◆ Assignment:
Copy word for word the lines of the records below, beginning at the one with "陪女儿练琴两年女子钢琴轻松过了十级网友-为什么你老公和女儿不笑呢" and finishing at the one with "- Prihláste sa", ends included, but none of the pictures.
** Data to process follows **
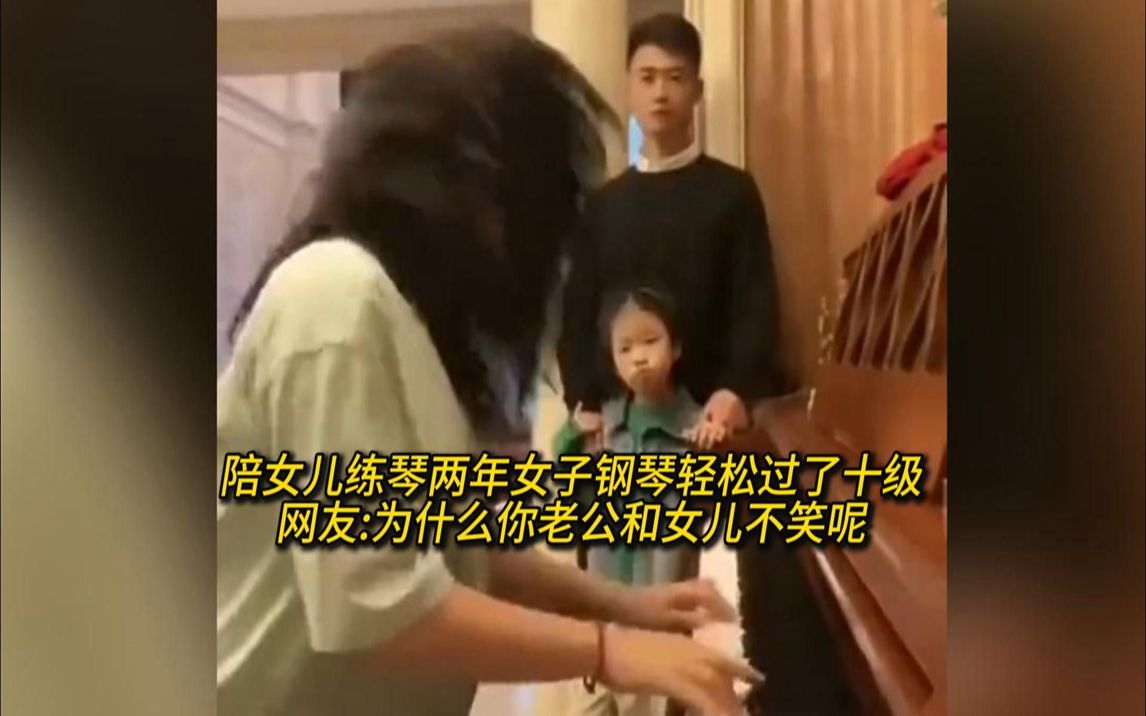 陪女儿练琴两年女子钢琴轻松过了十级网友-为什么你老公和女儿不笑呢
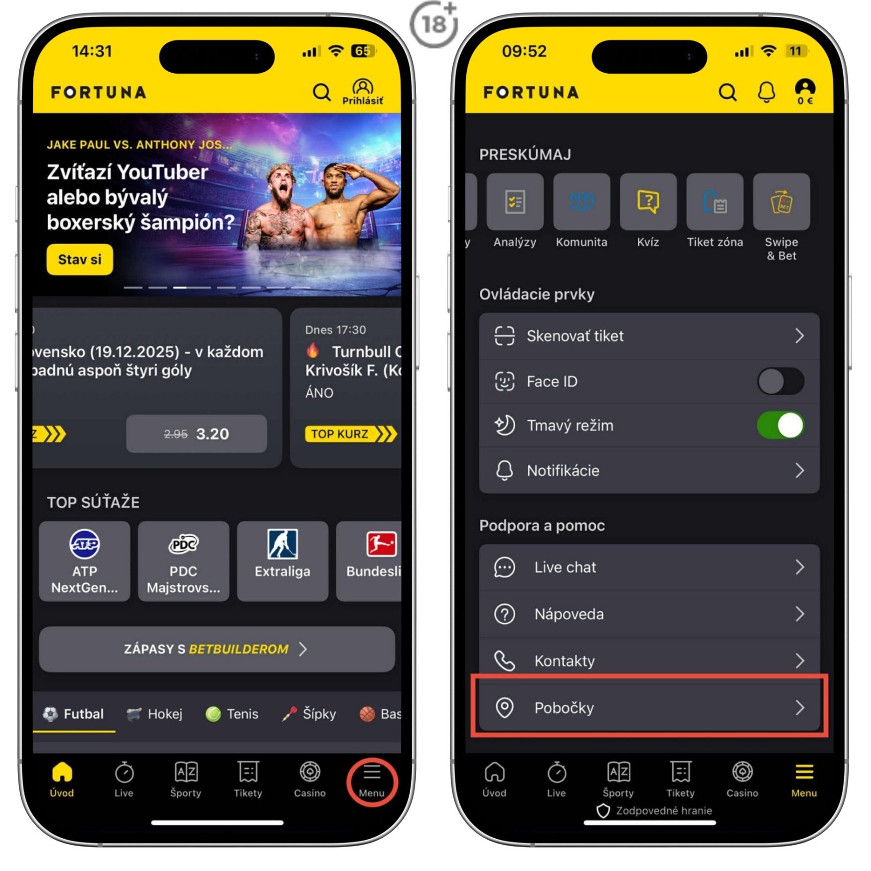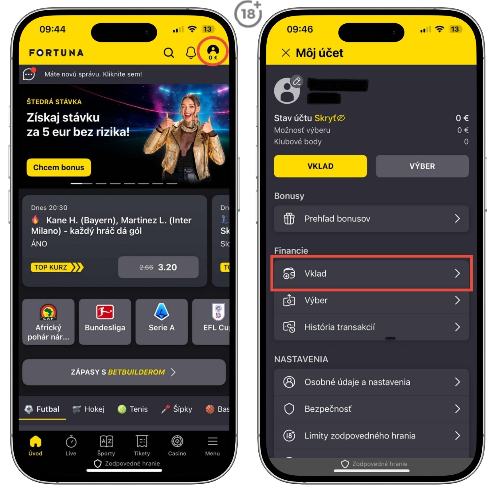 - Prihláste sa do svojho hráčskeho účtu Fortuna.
** End of Data to process **
** Data to process follows **
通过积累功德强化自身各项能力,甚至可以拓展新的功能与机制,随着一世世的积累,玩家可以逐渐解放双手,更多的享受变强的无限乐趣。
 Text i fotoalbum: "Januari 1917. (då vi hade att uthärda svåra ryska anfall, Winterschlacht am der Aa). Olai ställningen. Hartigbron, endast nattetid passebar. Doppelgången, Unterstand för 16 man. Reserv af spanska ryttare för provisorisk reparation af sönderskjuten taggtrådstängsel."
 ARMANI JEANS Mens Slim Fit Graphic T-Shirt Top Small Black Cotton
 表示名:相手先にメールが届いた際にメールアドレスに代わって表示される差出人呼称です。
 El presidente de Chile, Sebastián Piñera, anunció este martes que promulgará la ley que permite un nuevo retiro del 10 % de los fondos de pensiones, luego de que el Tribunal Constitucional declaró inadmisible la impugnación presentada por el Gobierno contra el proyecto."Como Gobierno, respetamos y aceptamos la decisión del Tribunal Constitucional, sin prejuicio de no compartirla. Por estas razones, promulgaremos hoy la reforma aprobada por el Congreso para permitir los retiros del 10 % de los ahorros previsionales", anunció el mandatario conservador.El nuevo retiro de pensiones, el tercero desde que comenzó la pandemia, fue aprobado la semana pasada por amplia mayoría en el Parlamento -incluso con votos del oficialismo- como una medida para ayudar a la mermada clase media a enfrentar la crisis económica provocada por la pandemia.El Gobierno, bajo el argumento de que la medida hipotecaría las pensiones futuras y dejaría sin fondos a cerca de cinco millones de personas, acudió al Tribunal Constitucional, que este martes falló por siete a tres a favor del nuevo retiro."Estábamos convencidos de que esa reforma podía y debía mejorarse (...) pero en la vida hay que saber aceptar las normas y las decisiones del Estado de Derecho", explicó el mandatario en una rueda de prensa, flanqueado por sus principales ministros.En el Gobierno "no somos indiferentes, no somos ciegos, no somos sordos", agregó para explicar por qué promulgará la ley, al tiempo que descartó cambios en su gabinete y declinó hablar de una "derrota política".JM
** End of Data to process **
◆ Exercise result:
 陪女儿练琴两年女子钢琴轻松过了十级网友-为什么你老公和女儿不笑呢
 - Prihláste sa do svojho hráčskeho účtu Fortuna.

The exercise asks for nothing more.